Below is a listing; print exactly its lines from the one containing "daydream, paradise, breathtaking" down to the one containing "- Note that", both inclusive, with every picture left out.

**Provided data**
-------

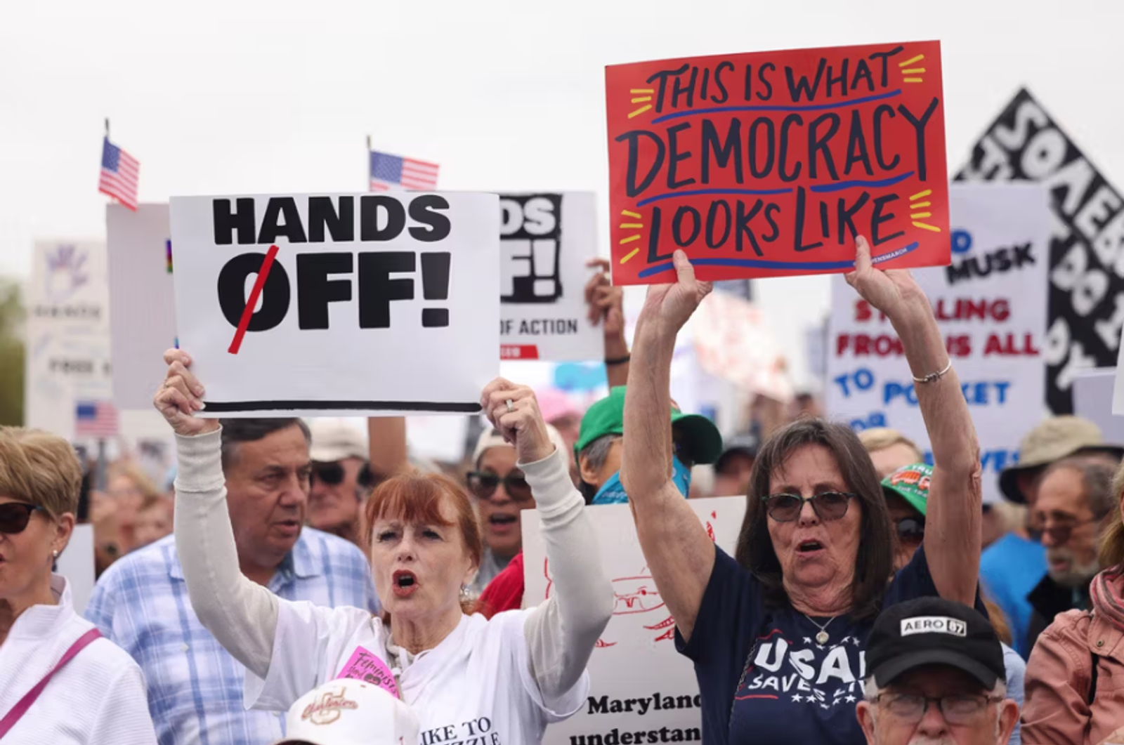 هزاران معترض روز شنبه در واشینگتن و دیگر شهرهای آمریکا گرد هم آمدند تا مخالفت خود را با سیاست‌های دونالد ترامپ، رییس‌جمهور ایالات متحده، در زمینه اخراج مهاجران، اخراج کارمندان دولتی و جنگ‌های غزه و اوکراین ابراز کنند.
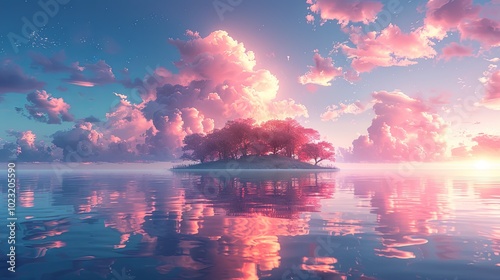 sky, cloud, island, water, landscape, beauty, adventure, magical, travel, pink, floating, nature, serene, scenic, horizon, fantasy, peaceful, dreamy, surreal, vibrant, calm, blue, sunset, calmness, aethereal, atmosphere, sunlight, mirror, illusion, wonder, soft, mist, pastel, surrealism, imagination, escape, picturesque, harmony, mystic, airy, whimsical, wonderland, heaven, daydream, paradise, breathtaking
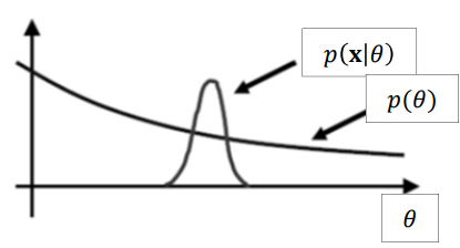 - Note that the prior PDF is nearly constant where p(x∣θ) is non-zero
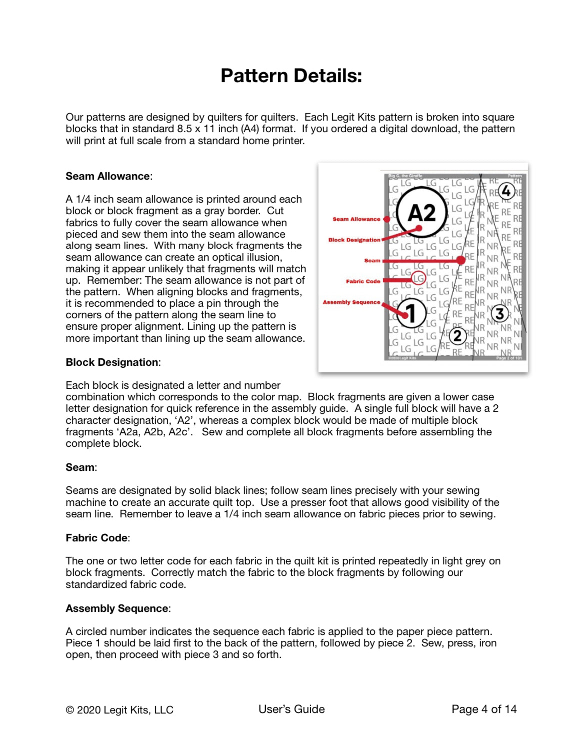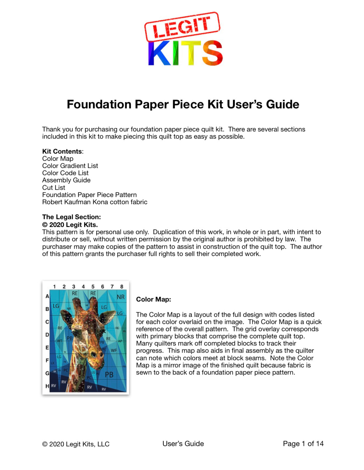 This is a quilt top kit only. Knowledge of foundation paper piecing is required to assemble this work of art. The basics of paper piecing are explained in a short photo enhanced guide included with your kit as well as further recommendations for learning this exciting technique.

-------

**Task output**
 sky, cloud, island, water, landscape, beauty, adventure, magical, travel, pink, floating, nature, serene, scenic, horizon, fantasy, peaceful, dreamy, surreal, vibrant, calm, blue, sunset, calmness, aethereal, atmosphere, sunlight, mirror, illusion, wonder, soft, mist, pastel, surrealism, imagination, escape, picturesque, harmony, mystic, airy, whimsical, wonderland, heaven, daydream, paradise, breathtaking
 - Note that the prior PDF is nearly constant where p(x∣θ) is non-zero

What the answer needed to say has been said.